Looking for a cool image distortion effect? Three interesting hover effects are showcased here, along with a few tutorials so you can learn to create your own.
This is a tremendous resource for new programmers. Here’s a sandbox for you to test out and play with various SVG filters, applied to both images and text! And if you like the effect you made, you can even copy it and try it on your own site.
Duotone images are quite popular thanks to Spotify, but you don’t need to learn how to use gradient maps to create one. Just pop in this code and you can create your own gorgeous duotone images!
The “gooey” filter is used to create a blob-like object similar to a cell. You can also use it to make a rounded background for your text. And the best part is, it’s a dynamic filter that changes to fit the text size!

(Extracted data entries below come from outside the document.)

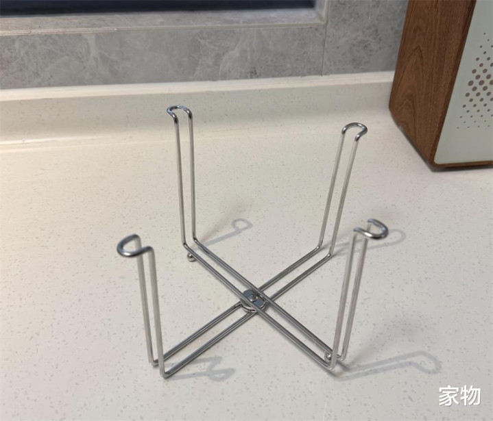 其实它即是个大致式的、径直套垃圾袋的折叠垃圾夹,无用的时辰苟且塞到厨房的抽屉柜格里,用到的时辰拿出来放在台面上,也十足不占空间,偶尔当个杯子碗碟沥水架也OK,相等实用。
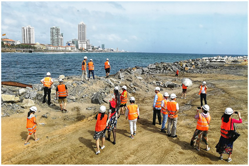 小分队全体人员还前往正在建设中的科隆坡填海造城项目——港口城基础工程的施工现场,慰问“一带一路”的建设者们。会议室内,施工指挥向小分队介绍了工程概况和施工方案,播放了港口城远景展示视频和工程技术动画片。此项目由中交建投资14亿美金,中国港湾施工,占地269万平方米,后续还会引来130亿美金的造城建设,将创造八千多人的就业机会,成为一座集金融、旅游、住宅、医疗和教育于一体的世界级中心。针对工地特点,小分队中的医学专家分别作了五场讲座。上海打捞局张辉主任医师讲授工地溺水及电击救护知识;小儿科陈建萍主任医师讲授腹泻的防治;中山医院沈洪副教授讲授猝死防治知识;同济医院徐蔚博士讲授眼疾防治知识;国家二级心理咨询师顾亚琴讲授心理健康知识。妇科专家邱伟民、牙科专家曹同飞等全体医务工作者为建设者们提供了医学咨询。
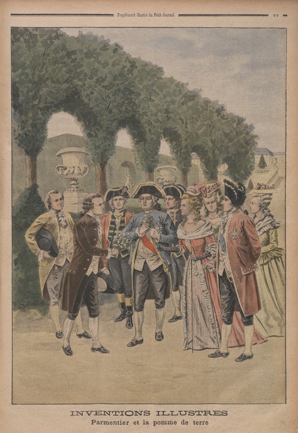 С этим связаны две истории. Во-первых, однажды во время обеда в честь короля Людовика XVI Антуан-Огюст Пармантье подарил королю и королеве букет из картофельных цветов. Мария-Антуанетта украсила цветком свою прическу, и так картофелем заинтересовалась аристократия. На обеде, кстати, подавали блюда из картофеля, а затем Пармантье и сам устраивал званые ужины, на которых можно было попробовать картофель во всех возможных видах.
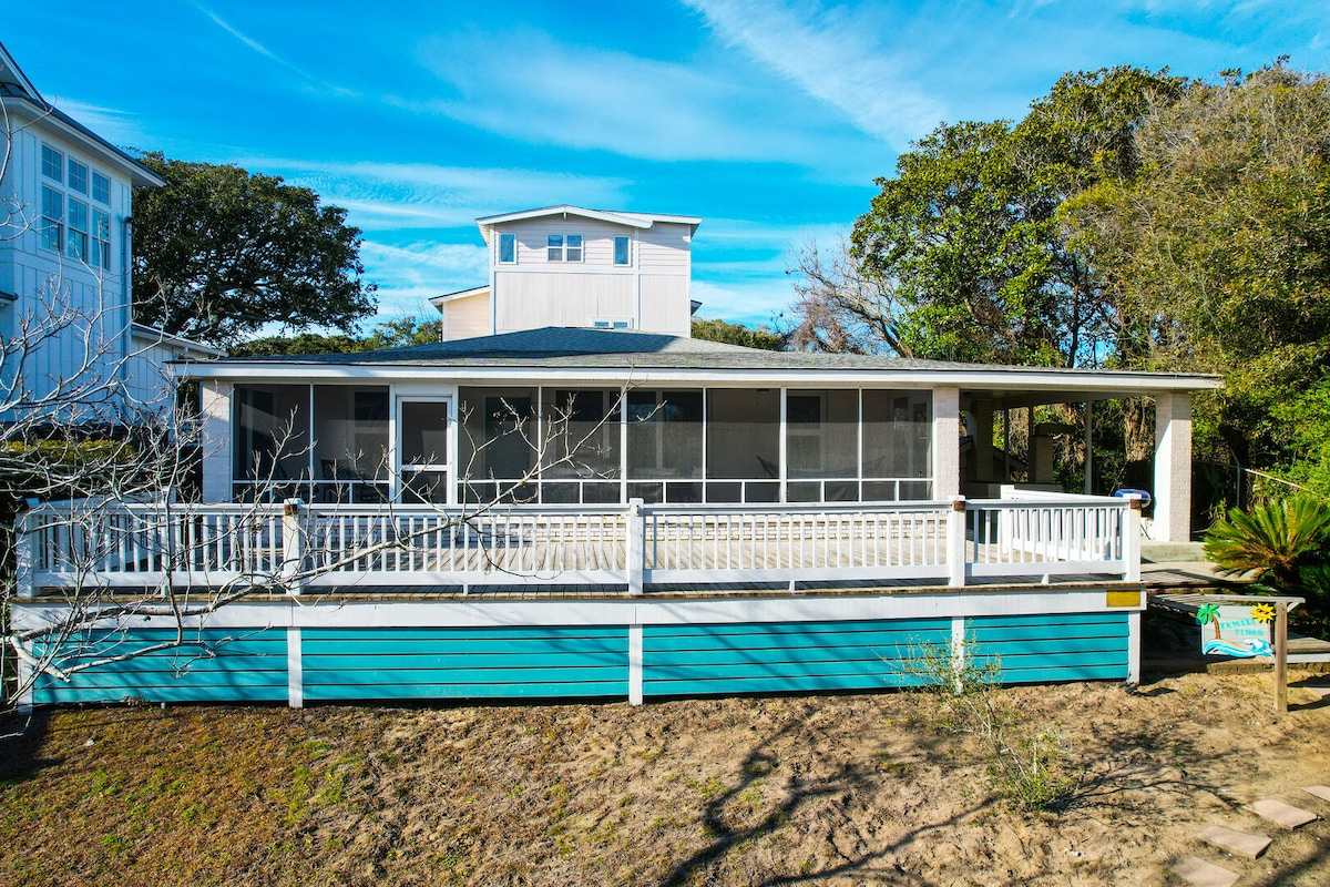 ¡Uno de los mejores de Folly! Esta casa de 4 dormitorios y 3,5 baños y 2 pisos frente al mar se encuentra a solo 5 cuadras de Center Street. Sea Palm es una porción del cielo en un lote estrecho. Un alojamiento extremadamente cómodo con capacidad para un máximo de 8 huéspedes. En la planta baja 2 camas tamaño queen, 1 litera con 4 camas individuales y lavandería. Otra cama queen en la planta superior con baño privado. Cocina/comedor/sala de estar abiertos, patio cubierto y terraza con vistas al mar. También hay una ducha al aire libre, una parrilla y un columpio en el porche en la planta baja. Permite un máximo de 3 perros con preaprobación.

Here’s a weird, colorful ripple effect made with a combination of SVG and CSS! It might make a great background or banner for part of a webpage. Here’s the magic: it’s just a bunch of straight, rotating lines with a displacement map filter.
Sick of boring blurs and slides in image transitions? Here’s something more interesting: a dynamic dissolve transition effect that cycles between multiple images.
Another cool transition effect, this one is a slider that applies a motion blur and squishes the image as it transitions. No more simple sliders; make your site stand out with a pleasing animation.
Mastering SVG Filters
For web designers and developers, it’s important to always be learning new skills. SVG filters can save a lot of time that might have been spent in a graphics editing program. Instead, just pop in some code and you have a professional image filter effect – simple as that!
Now that you’re a master of SVG filters, it’s time to get out there and start designing a beautiful website.